Y la tierra cumplió su
promesa… Los cerdos y aves de corral se multiplicaron y los puñados de trigo,
sembrados y cultivados con igual esmero por caballeros y sirvientes, rindieron
una cosecha de doce fanegas. Conquistadores y aborígenes trabajaron codo a codo
y la tierra, regada por el sudor de dos mundos, brotó agradecida con
abundancia.
Y el sol primaveral
volvió a brillar año tras año, iluminando el juego cada vez más concurrido de
niños de piel bronceada que crecían fuertes y orgullosos, al cuidado de madres
de piel morena y padres de claros cabellos. Y esos niños poblaron el país,
abriendo caminos a la sombra de espinos y maitenes que compartían el sol con
álamos y eucaliptos, cultivaron la tierra sembrando junto a la papa y el maíz,
el trigo y la cebada y plantaron a la sombra de piñoneros y avellanos,
aromáticos cerezos y manzanos. Todo era acogido en el seno de la tierra
generosa y multiplicado con esplendidez, hasta que ya no era posible distinguir
entre las especies autóctonas y aquellas traídas de tierras lejanas.
Y así, cuando ya la
sangre y la carne del visionario conquistador formaban parte del follaje de un
bosque del Arauco indómito, su sueño de crear una patria en la que convivieran en
paz el viejo y el nuevo mundo, se convertía poco a poco en una realidad
plasmada en la naturaleza del país y en el homogéneo mestizaje de la nación
chilena.
Pero la vanidad y el
egoísmo del ser humano pueden destruir el sueño más hermoso. Por eso, cuando la
comodidad y la desidia amenazaban con
derrumbar los logros de tantos sacrificios, la naturaleza con rápidos arrebatos
de rebeldía derrumbaba, inundaba o abrasaba las orgullosas obras de los
hombres, obligándolos a recordar aquel día en que el abatido conquistador
comprendió que nada estaba perdido si se amaba la tierra y se olvidaban las diferencias entre los
hombres, para construir un futuro ideal.
De este modo los
chilenos templaron su carácter y fueron haciéndose concientes de su propia
identidad y, con la misma sonrisa de determinación con que Pedro de Valdivia
decidió forjar la patria doscientos setenta años atrás, sus jóvenes
descendientes proclamaron su madurez y derecho a la autodeterminación
enarbolando un tricolor que simbolizaba un nuevo país y una nación soberana.
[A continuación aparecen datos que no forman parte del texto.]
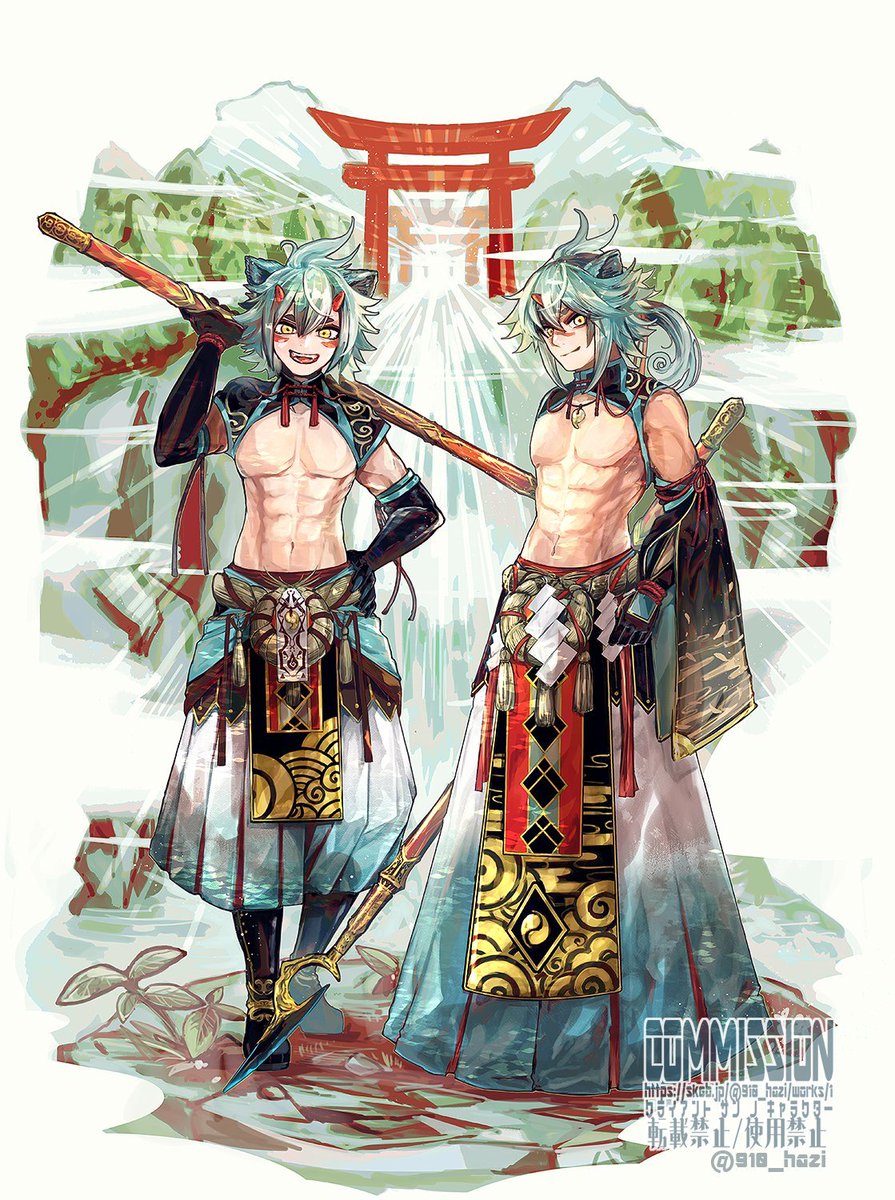 ✎Skeb✎ 無料期間中(~2/14)のみ募集しています!!!! #Skeb #Commission 🐣🐣skeb.jp/@910_hazi 🐣🐣 おまかせ多めでいいならキャラ・衣装デザインも大丈夫です。勿論立ち絵や1枚絵も大歓迎👍👍👍 厚塗りと白黒(+1色)や筋肉やファンタジーが得意です!
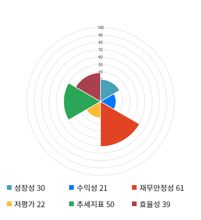 AI 인공지능 종목 분석 시스템을 이용해 성장성, 수익성, 효율성, 안전성, 저평가성, 추세 등 주가 수익률에 영향을 줄 수 있는 6가지 핵심 투자 지표를 점수화하여 종목의 투자 매력도를 계산해보았다.
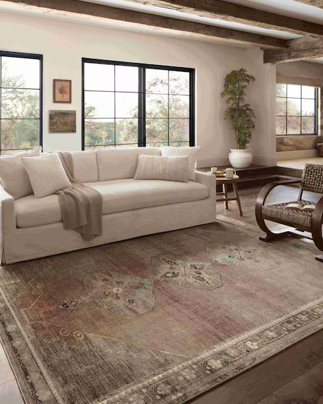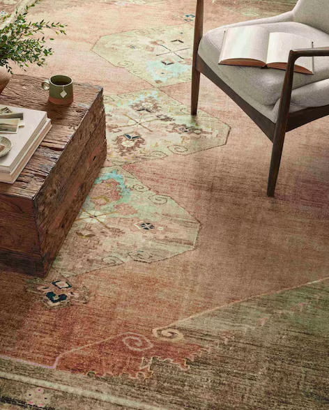 The Sinclair Collection for Magnolia Home by Joanna Gaines x Loloi offers exceptional softness and durability, on par with traditional power-loomed rugs, while also minimizing waste in its production. Machine-washable for easy care, these rugs are perfect for high-traffic areas such as living rooms, hallways, entryways, and children's rooms. Featuring antique-inspired motifs with delicate detailing and subtle distressing, the design adds a refined, timeless charm to any space.
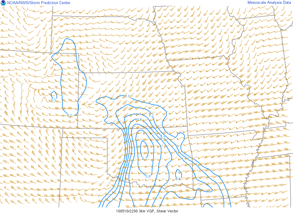 KVNX close call: This image PDF shows four panels of storm relative velocity from KVNX with times indicated. The storm motion vector used was about 250° and 40 kts. The first two show insane storm relative inflow winds of 70 - 80 knots at an elevation of only 100 - 300 feet above the radar horizontal! The actual velocities were about 35 - 45 kts, and these winds probably made it to the ground, so imagine the inflow chasers in the area probably experienced. The second pair shows the well formed and well resolved mesocyclonic/tornadic circulation. The image at 2102 UTC shows several consecutive range gates with gate-to-gate shear of 116 - 141 kts! If that wasn't impessive enough, check out the image below.
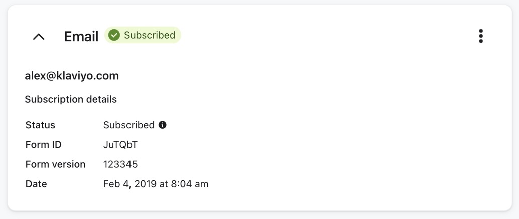 Quando gli iscritti inviano il loro consenso attraverso un modulo, Klaviyo memorizza diverse proprietà chiave personalizzate sul loro profilo:
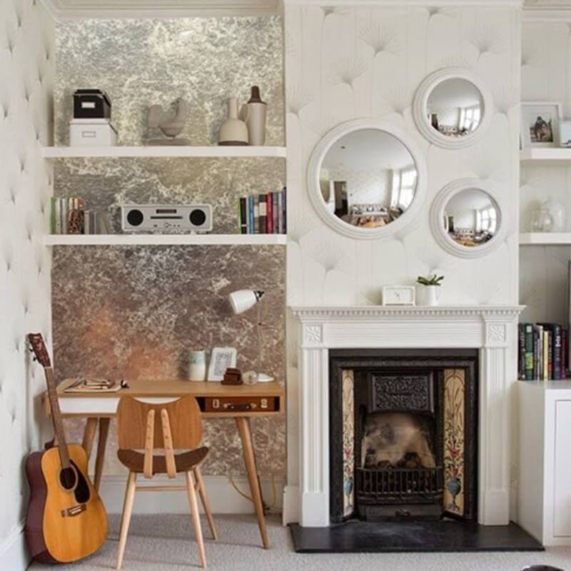 Finement réalisé à la main à partir de feuilles de laiton, d’aluminium et de cuivre, le magnifique papier peint Eclat de Mériguet-Carrère présente un motif irrégulier. Des lignes et des tâches aléatoires nuancées habillent la surface du revêtement. Imaginé dans trois coloris métallisés différents, son aspect éclatant joue avec la lumière donnant des effets mats et brillants. Ces reflets apportent une impression de texture à l’ensemble.
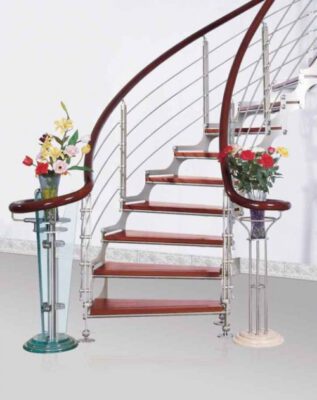 Cầu thang xoắn tay vịn gỗ sang trọng

Nuevamente la madre tierra debió enjugar lágrimas, estremecerse con los gritos
de agonía y desesperación, empaparse dolorida con la sangre de sus hijos y
recibir amorosa sus cuerpos sin vida. Al fin, cuando la luz de la razón auyentó
las tinieblas de la locura fratricida; los hombres, mujeres, niños y ancianos
contemplaron la tierra ensangrentada, los campos asolados y las construcciones
derruidas por la espada de Marte. Pero la terrible visión no les amedrentó: Por
sus narices penetraba el aroma de poleo, rosas, claveles y romerillo; el sol
del amanecer era saludado por el canto de tencas, canarios, jilgueros y golondrinas
que volaban rozando el agua de ríos bordeados por pataguas y sauces… los
chilenos eran testigos del nacimiento de un nuevo país y serían los artífices
de su patria.
Habían transcurrido casi tres siglos desde que don Pedro de
Valdivia había soñado con lo que se empezaba a materializar en los corazones de
los hijos de esta tierra. Ese sueño, que quizás no era el sueño de un solo
hombre, sino que las ansias de toda la humanidad, podía hacerse realidad en
esta tierra que se simbolizaba ante el resto del mundo en la estrella solitaria
que, desafiante y sin más recursos que la voluntad de alcanzar un ideal, brilla
serena buscando su lugar en el universo.